Qu'est-ce qui se passe en Belgique ?

Belgique : une tempête économique et politique s’abat sur le royaume

Le paysage politique et économique de la Belgique, souvent perçu comme un havre de stabilité au cœur de l’Europe, cache une réalité bien plus agitée. Ce petit royaume, voisin discret de la France, est réputé pour ses artistes, sa gastronomie et son humour bon enfant, mais rarement pour les inquiétudes qu’il suscite.

Pourtant, les mauvaises nouvelles s’enchaînent : records de faillites, blocages dans les rues et les aéroports, procédure pour déficit excessif, et une dette souveraine dégradée par les agences de notation.

Derrière les stéréotypes de bandes dessinées, de gaufres et de bières accompagnées de frites, la Belgique traverse une période de turbulences intenses, marquée par des tensions identitaires, une croissance fragile et un gouvernement instable.


 

Un pays fragmenté : trois régions, trois identités

La Belgique est une mosaïque complexe : une fédération composée de trois régions principales – la Flandre au nord, néerlandophone et économiquement dynamique ; la Wallonie au sud, francophone et plus dépendante des transferts fédéraux ; et Bruxelles, capitale cosmopolite et enclavée, majoritairement francophone mais bilingue. Ce modèle fédéral, une monarchie constitutionnelle parlementaire, est dirigé par un roi symbolique, Philippe, décrit comme discret et attaché à l’unité nationale. Géographiquement, elle représente un carrefour entre l’Europe germanique et romane, abritant le siège de l’Union européenne et de l’OTAN, symboles de sa « neutralité » historique.

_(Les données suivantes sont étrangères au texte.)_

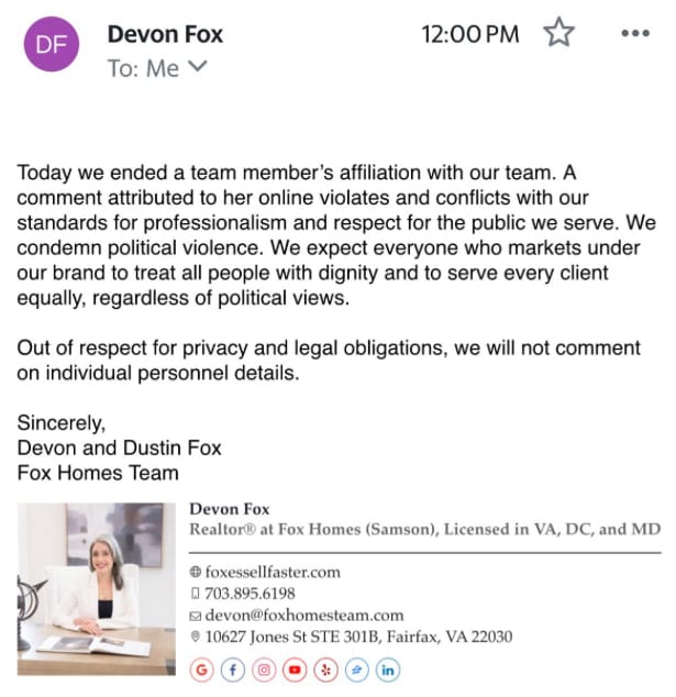 Within 24 hours of Kirkâs death, an assistant dean at Middle Tennessee State University, a Carolina Panthers communications staffer, employees from companies ranging from Freddyâs Frozen Custard to major airlines, and dozens of teachers across the country found themselves unemployed. Their crime? Posting their immediate, unfiltered reactions to social media platforms that they seemed to forget were public forums scrutinized by millions.

Pourtant, les tensions entre Flamands et Wallons n’ont jamais été aussi vives. Le mot « sécession » est désormais prononcé ouvertement, particulièrement en Flandre, où le parti nationaliste N-VA, dirigé par Bart de Wever – aujourd’hui Premier ministre –, prône une plus grande autonomie. Des scénarios hypothétiques évoquent une partition : une Flandre indépendante, une Wallonie résiduelle potentiellement unie à Bruxelles sous un « Wal-Brux« , ou même un district européen pour la capitale. Une telle rupture entraînerait une redistribution chaotique de la dette et des ressources, avec des impacts comparables aux dissolutions post-yougoslaves, menaçant la stabilité de l’UE elle-même.

Un héritage industriel en péril

Historiquement, la Belgique a brillé comme une puissance industrielle. Au XIXe siècle, elle surpassait le Royaume-Uni en exportations de fonte et d’acier, grâce à ses ressources en charbon. Aujourd’hui, elle abrite des champions mondiaux comme AB InBev, le plus grand brasseur planétaire avec 56 milliards d’euros de ventes annuelles, ou des entreprises comme UCB (traitements contre l’épilepsie) et Solvay (chimie). Le port d’Anvers, deuxième d’Europe, reste un atout logistique majeur.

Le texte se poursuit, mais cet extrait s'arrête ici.